How to Drive Procurement Benefits from Spend Analysis
One of the most frequent questions we get from our clients is hands down: What is the best approach to use and identify savings opportunities through spend analysis?
This is an excellent question. There are a wide variety of opportunity analyses that can be conducted directly within a good spend analysis tool.
We find many of our customers and partners following a similar path time and time again with an overarching theme of “start with the basics and generate quick wins”.
1. Identify Leverage With Existing Suppliers
As part of our spend program we commonly include supplier linkage data (parent/child) which identifies corporate families.
This is as basic as it gets – gaining an understanding of which suppliers are owned by the same parent entity. In many cases existing agreements can be consolidated and renegotiated with the parent entity.
2. Supplier Rationalization
This is a straightforward analysis commonly using the Pareto principle (80/20) that highlights how many suppliers comprise 80% of the spend for each category.
Using this type of analysis we can quickly identify the categories where there are too many suppliers comprising the bulk of the spend.

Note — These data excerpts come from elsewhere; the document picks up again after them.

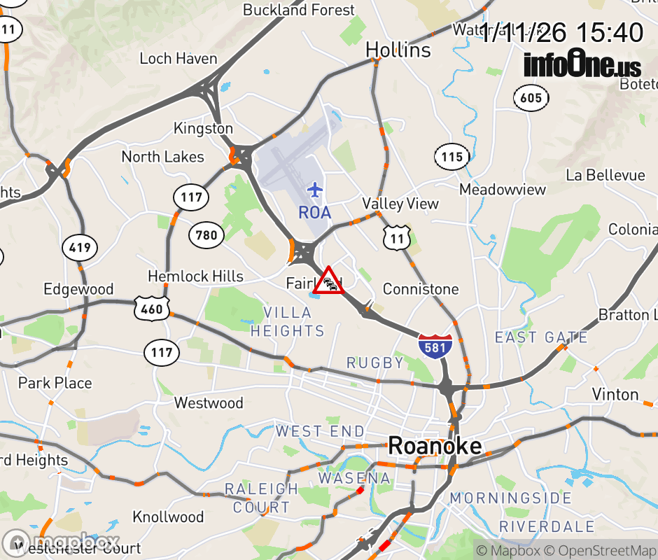 On I-581 at mile marker 3.5 in the County of Roanoke, motorists can expect delays due to an incident. The north right lane and right shoulder are closed. The north entrance ramp narrows. ![]() |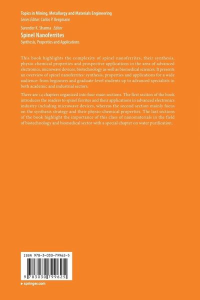 There are 15 chapters organized into four main sections. The first section of the book introduces the readers to spinel ferrites and their applications in advanced electronics industry including microwave devices, whereas the second section mainly focus on the synthesis strategy and their physio-chemical properties. The last sections of the book highlight the importance of this class of nanomaterials in the field of biotechnology and biomedical sector with a special chapter on water purification.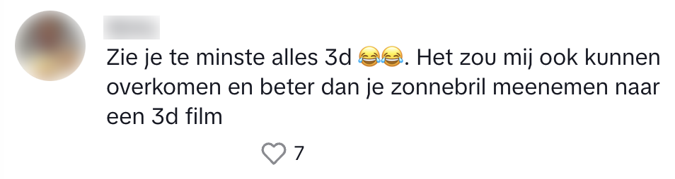 Met het lekkere weer van deze week kan een zonnebril natuurlijk niet ontbreken. Je hebt immers geen zin om compleet verblind te worden door de zon en een permanente frons op je voorhoofd te ontwikkelen. Mirna grist haar zonnebril mee wanneer ze naar buiten gaat, maar maakt in dat korte proces een klein foutje. En dat komt allemaal door een 3D-film die ze de dag ervoor bij Pathé heeft bekeken…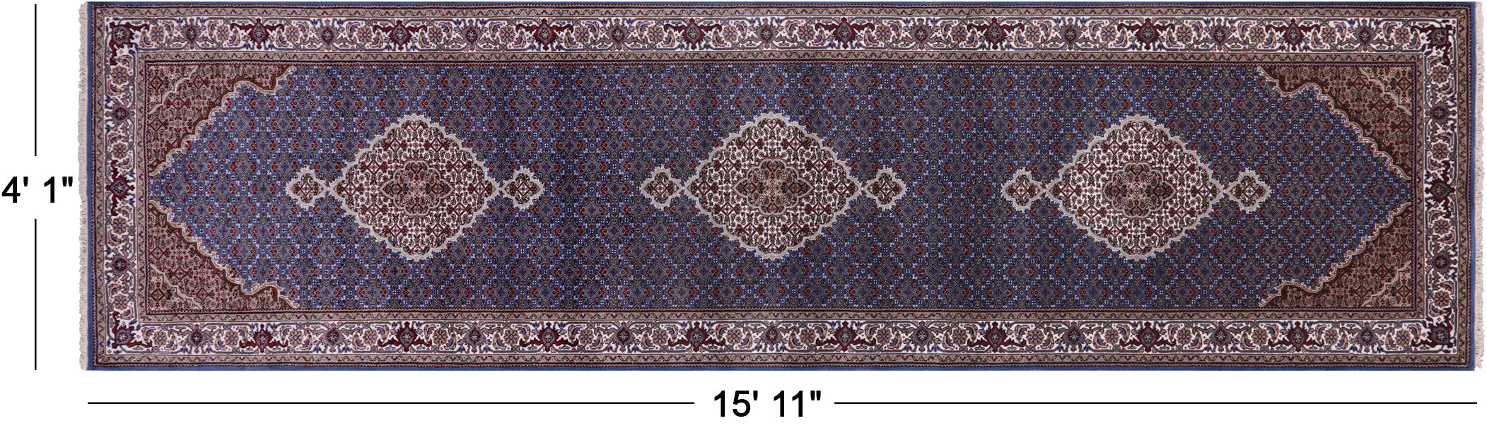 Blue 4' 1" X 15' 11" Wool & Silk Persian Tabriz Handmade Runner Rug - Q13020

These categories are then flagged for “further detailed analysis”.
My personal preference is to take the Pareto principle a couple of steps further and conduct a 70/20/10 analysis – showing how many suppliers comprise 70% of the spend and how many suppliers comprise the bottom 20% and the bottom 10% (although the breakout can be anything).

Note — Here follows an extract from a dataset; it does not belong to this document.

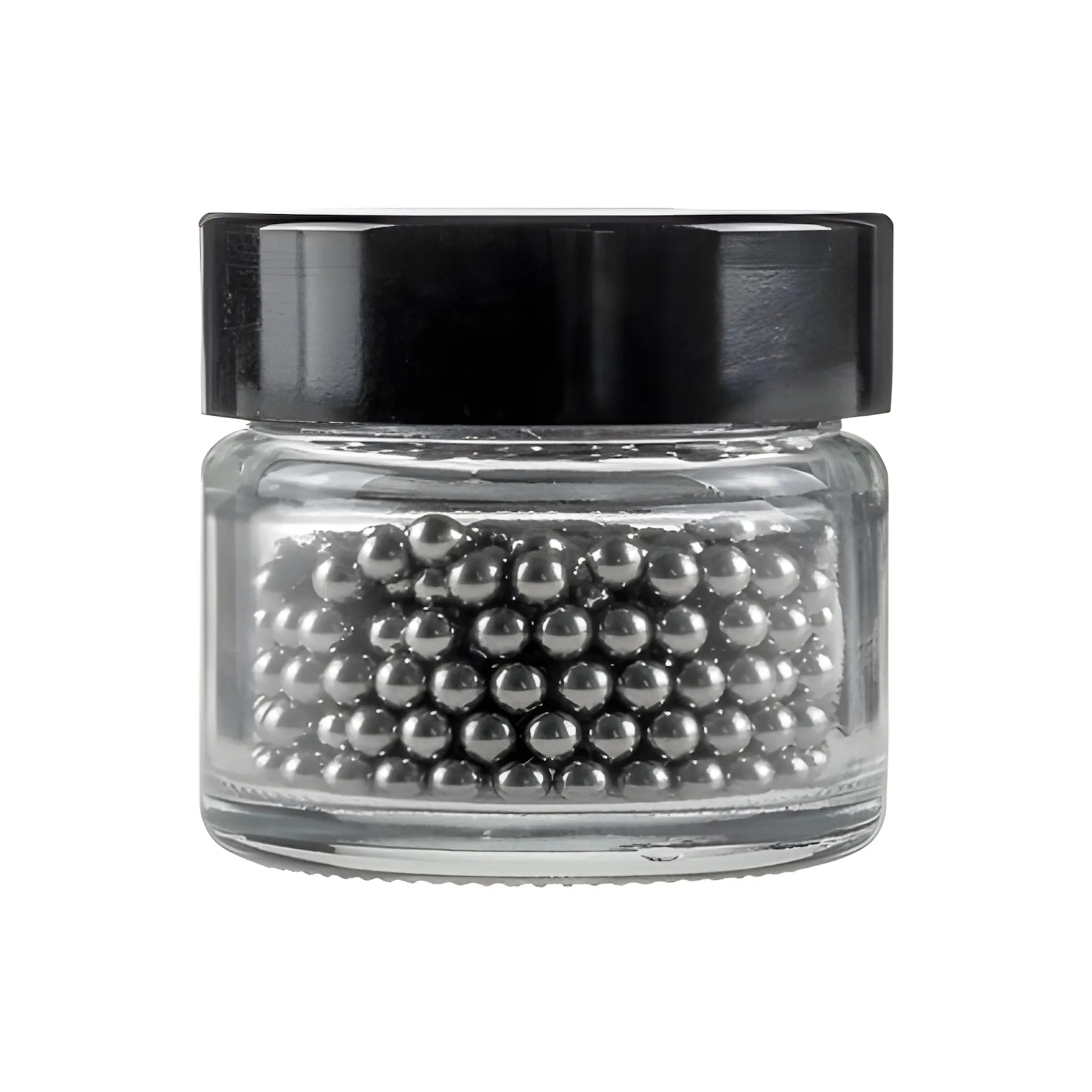 – Edelstahlperlen in das Glas oder die Flasche geben, sodass der Boden bedeckt ist.

This yields enhanced visibility into the number of suppliers that make up 70% (or 80%) of the spend along with the number in the bottom 20% and the bottom 10% of each category.
The additional 20/10 buckets allow us to see how many small suppliers we are managing for each category – additional consolidation opportunities.
Many organizations have some sort of preferred supplier list either managed in a procurement system or sitting in a spreadsheet on someone’s computer.
Including this information in the spend analysis application will provide immediate visibility into two areas:
- categories where preferred suppliers are in place but not in use
- categories where no preferred supplier exists, thus highlighting a potential sourcing opportunity.
4. Spend by Buying Channel
One of the benefits of spend analysis is that it helps to identify process inefficiencies.
The buying channel, or source system, identifies where each transaction originated. Companies with procurement systems in place can quickly identify business units/individuals that are circumventing existing processes.
Driving spends towards approved buying channels will improve overall controls, yield better compliance, improve data quality, lead to faster sourcing cycles, provide term discount opportunities and reduce A/P costs associated with check requests.
Sure, many of these or not tangible savings, but substantial benefits nonetheless.
5. Purchase Price Variance
“Are we buying the same items across our locations and paying different prices”? We are finding this to be one of the first areas our customers look – and they generally find some immediate wins.
By including line item level information (with associated parts/items if applicable) will quickly enable you to zero in on these opportunities.
6. Sourcing Compliance
This type of analysis begins to move away from the basic spend analysis towards sourcing execution management.
At this stage we have used the spend analysis application to identify sourcing and/or savings opportunities and sourcing initiatives have been completed – i.e. we have sourced a category and a new contract is in place.
While there are numerous areas associated with compliance, we can start with the basics. Including our contract award information in our spend application will unlock the ability to manage and measure our performance across each initiative and ultimately track savings.